On Safari: Abundance

We awoke in the dark of the night at the Pretoriuskop Rest Camp to the clap of thunder which rolled and rolled across the open brushveld.  Several more rounds of thunder occurred, then the soft patter of rain on the rondewel’s thatched roof.  We were up and ready for our 5:30 a.m. game drive, as a light drizzle continued into the dawn.  “This is good… The animals will be moving around more because it is cold,” our guide assured us.  Not only were we the first out when the gates were unlocked, but by ourselves.  Humans must think rain is a reason to stay inside. Today was a day of abundance in the park.  The rain continued for a few hours in the morning, and the animals were congregated in larger groups.

Rain.  Water.  All earthly life starts with water.  Water sets the plants to growing, which provides the beginning of the food chain.  Insects, grazers and browsers consume the plants.  Predators consume them.  Scavengers clean up the mess.  And, decomposers return the final bits to soil.  Regions uninhabited by people preform this cycle without restriction or regulation.  Our suburban and urban environments are nearly devoid of this process.  Our parks allow nature to carry on eons of activity within their boundaries.  In  a park the size of Kruger National Park, the scale seems immense from the passenger seat of a vehicle.  Except for small, fenced rest camps and the criss-crossing of paved and dirt roads, the animals have their run.  The private game reserves that boarder the park add to the acreage which is available.

Along the first road that we traveled, we soon came upon a herd of buffalo.  Most were bedded down along the road.  Over the last couple of days, when we came across buffalo, we would see half a dozen to ten at a time.  Today, I lost count after a couple of dozen.  Their range extended deeper into the brush than I could see. I would not be surprised if we did not pass over a hundred buffalo, lying watching us.  This was our observation throughout the day.  Most of the animals which we viewed were in larger groups than on previous days.

We passed groups of impalas frequently.  Again dozens upon dozens on both sides of the road.  Sometimes they were eating.  Other times bedded down and resting.  Other time playing dominance games with young rams butting heads and locking horns.

We passed a family of rhinoceros, stretched out among the grass, protecting the young.

We came across several packs of elephants.  Again the largest stood between us and the younger calves.  The up-and-coming bulls stepped out toward the road to challenge vehicles that came too close.

We spent a couple of hours at a bird blind watching various song and water birds build and tend to nests.

All this abundance is not idyllic though.  Most of the wild animals and birds are migratory or have large territories.  Park boundaries do not necessarily correspond with the habitats in which they used to live.  For birds which might migrate to Europe or Asia, they are as dependent on those regions providing them suitable places to live as to this region.  For mammals which would have previously moved about the southern parts of the African continent, fences force them to stay within a region which can sustain only so many families and herds.  Additionally, should they leave the park, they would most likely disrupt the farms and orchards that fill the landscape and economies in the rural areas.  Elephants like citrus groves.

This brings up the issue of the carrying capacity of any habitat.  Most species have the ability to reproduce young rapidly, even for elephants and humans whose young take 14+ years to reach sexual maturity.  Some of the excess births will die early or become food for predators (lions would rather take an elephant or buffalo kid than to battle with the adults).  Some will die from injury.  Some will die during periods of draught, harsh winters, and floods.  Still, most species will breed until the land can no longer sustain their numbers.

Again, in a nature park as large as Kruger, this might seem to be a vast number.  Many wild animal species in South Africa were hunted nearly to extinction a century ago.  Part of the intended purpose of the parks and game reserves was to provided places to allow the animals to restore their populations.  The elephants and rhinoceros provide two examples of how this can occur, and how tenuous their continued existence is.
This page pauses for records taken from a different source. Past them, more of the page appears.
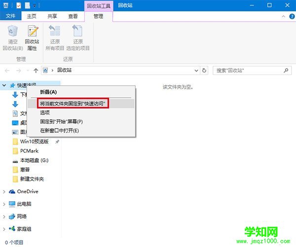 Win10的“快速访问”功能可以为用户提供近期常用的位置,免去用户搜寻的麻烦,点击之后可以直接进入。在Windows10文件资源管理器左边导航栏中,没有了回收站的位置,因此用户如果想使用这种方式查看回收站并不是很方便。因此有些用户就想到把回收站固定到“快速访问”。不过“回收站”这个文件夹比较特殊,系统默认并没有提供“固定到快速访问”的选项,而其他文件夹都有这个待遇。
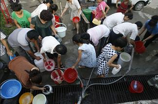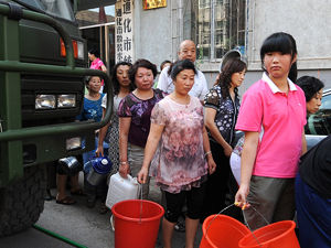 自7月31日被洪水沖斷自來水輸水管線至今,吉林省通化市全市停水已經(jīng)超過48小時,市區(qū)33萬人面臨用水難題。消防部門和城建部門調(diào)運25臺送水車,循環(huán)給居民送水,通化市隨處可見提著水桶找水的市民.
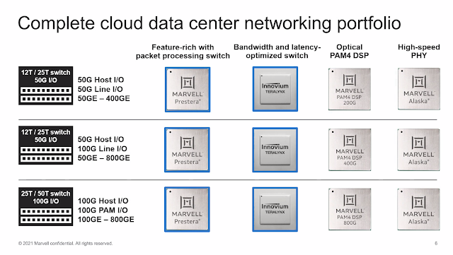 Marvell擁有廣泛的功能豐富的以太網(wǎng)交換機(jī)半導(dǎo)體解決方案組合,在其服務(wù)的企業(yè)和運(yùn)營(yíng)商細(xì)分市場(chǎng)中占據(jù)強(qiáng)大且不斷增長(zhǎng)的地位。鑒于Marvell在云數(shù)據(jù)中心市場(chǎng)的增長(zhǎng)勢(shì)頭,隨著最近對(duì)Inphi的收購(gòu)而進(jìn)一步增強(qiáng),開發(fā)用于超大規(guī)模數(shù)據(jù)中心的專用高基數(shù)、性能優(yōu)化的交換機(jī)硅對(duì)于公司來(lái)說(shuō)具有越來(lái)越大的戰(zhàn)略重要性。
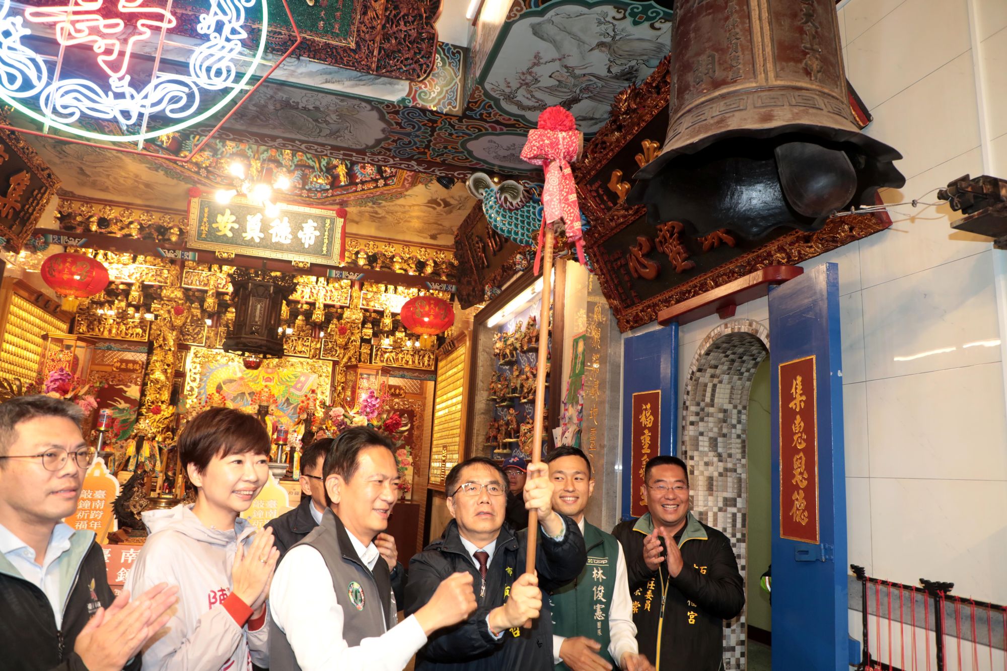 31日晚間黃偉哲市長在集福宮敲響鐘聲,臺灣府城隍廟則特別邀請信眾親自敲響百年古鐘,讓歷史鐘聲在新舊年交會之際再度迴盪,為跨年夜增添文化厚度與儀式感,也象徵平安與祝福綿延不絕,成為今年「敲鐘祈福」的特色亮點之一。
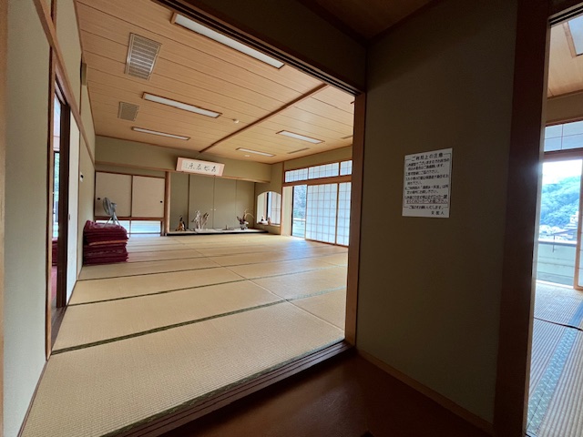 出入り口にあるサンダルを履いて、70段ほど屋根付き階段を上がったところに、ちょっとした休憩スペースと四季風呂
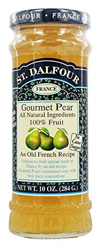 -. Binding : Misc. -. Brand : St. Dalfour -. EAN : 0084380959141 -. Feature : St. Dalfour Fruit Spreads Gourmet Pear Jam in 10oz (284g) jar. An old French Recipe 100% Fruit, all natural ingredient fruit spread. A delicious fruit spread made in France by an old recipe. Gourmet Pear Jam sweetened only with grape juice concentrate. Contain no cane sugar. -. IsAdultProduct : 0 -. Label : St. Dalfour -. Manufacturer : St. Dalfour -. Model : DAL016 -. MPN : 084380959141 -. PackageQuantity : 1 -. PartNumber : 084380959141 -. ProductGroup : Grocery -. ProductTypeName : GROCERY -. Publisher : St. Dalfour -. Studio : St. Dalfour -. Title : St. Dalfour - Fruit Spread 100% Natural Jam Gourmet Pear - 10 oz. -. UPC : 084380959141
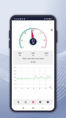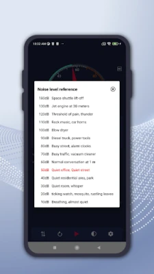 A Sound Meter nem csupán számokat mutat; a mért értékeket vizuálisan, könnyen értelmezhető grafikonon is megjeleníti, lehetővé téve a zajszint változásainak dinamikus követését. Annak érdekében, hogy teljes képet kapjon, az alkalmazás folyamatosan rögzíti az aktuális, minimális, átlagos és maximális decibel értékeket, melyek bármikor szüneteltethetők, folytathatók vagy alaphelyzetbe állíthatók. Különösen hasznos a beépített zajreferencia-táblázat, amely segít felmérni, hogy az adott hangszint károsíthatja-e hallását, ezáltal proaktívan hozzájárul egészségének megőrzéséhez. Egyedi "fejjel lefelé" funkciója pedig lehetővé teszi, hogy a mikrofont a zajforrás felé irányítsa a még pontosabb mérés érdekében.
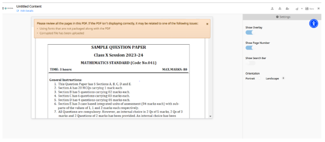Note: The PDF supports only noto-sans fonts of different languages while rendering on the mobile application. Refer Supported Font Types 2. Click Browse to select the desired file for upload from your local system (laptop, desktop, etc). You can alternatively Drag & Drop files from your local 3. Click Upload to upload the selected content |
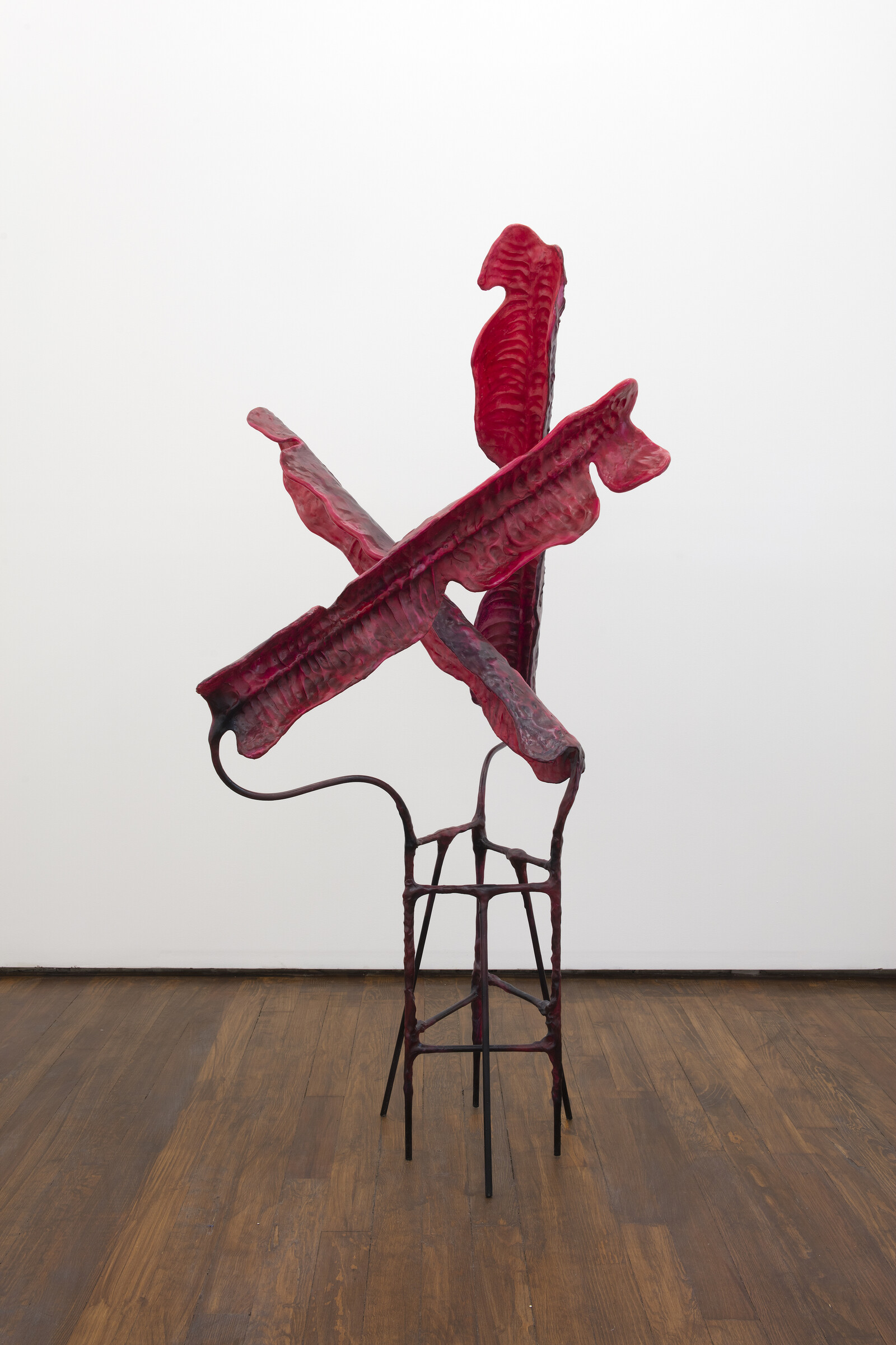 Bayo Alvaro’s recent sculptures—evocative of strange, alien flora—recall Karen Barad’s descriptions of a “queer performativity” of nature.1 In this conception of the natural world, nothing is ever exclusively male or female, animate and inanimate; nor is it simply good or evil. Rather, there is endless potential for change and intra-action. The pieces in Alvaro’s third solo show in Mexico City and his first with Deli—a recently opened branch of the New York gallery—appear laced together in symbiosis, reflecting the ways in which living beings continuously tend towards and transform one another.

The elephant population was allowed to increase to the level the biologist estimated that Kruger National Park could sustain.  Packs of elephants were captured and relocated to other reserves that did not have populations.  Environmental organizes joined in helping to finance these efforts, essentially paying the parks to keep the elephant packs.  However, when the population reached the number considered healthy for the habitat and the rangers began to thin herds, the environmental organization protested that no elephants should be culled from the park.  They threatened to spread bad press about rangers killing elephants, with the parallel threat that tourists, who support the park operations would boycott visiting.  The officials stopped thinning and kept accepting the financial assistance.

Now Kruger is estimated to have more than twice the number of elephants that the land can sustain.  If you have never seen an elephant pull down a full grown tree to eat the top leaves, this may not make sense.  Those trees may have taken a couple of decades to grow to that height.   Two easy ways to track elephants are to observe how fresh their scat it (and it is everywhere to be seen), and to follow the trails they make of torn up grassland, brush, and trees.  If their population is allowed to continue to increase, they will destroy the vegetation that sustains the rest of the food chain.  To study this, park scientists have set up fences that prevent taller animals from getting to a few acres, while leaving access to shorter animals (the fences are open up to four feet, but then run from four to eight feet).  As you can see in this photo, the area in front of the fence is cleared to the grass, but behind the fence immediately has tall brush and trees.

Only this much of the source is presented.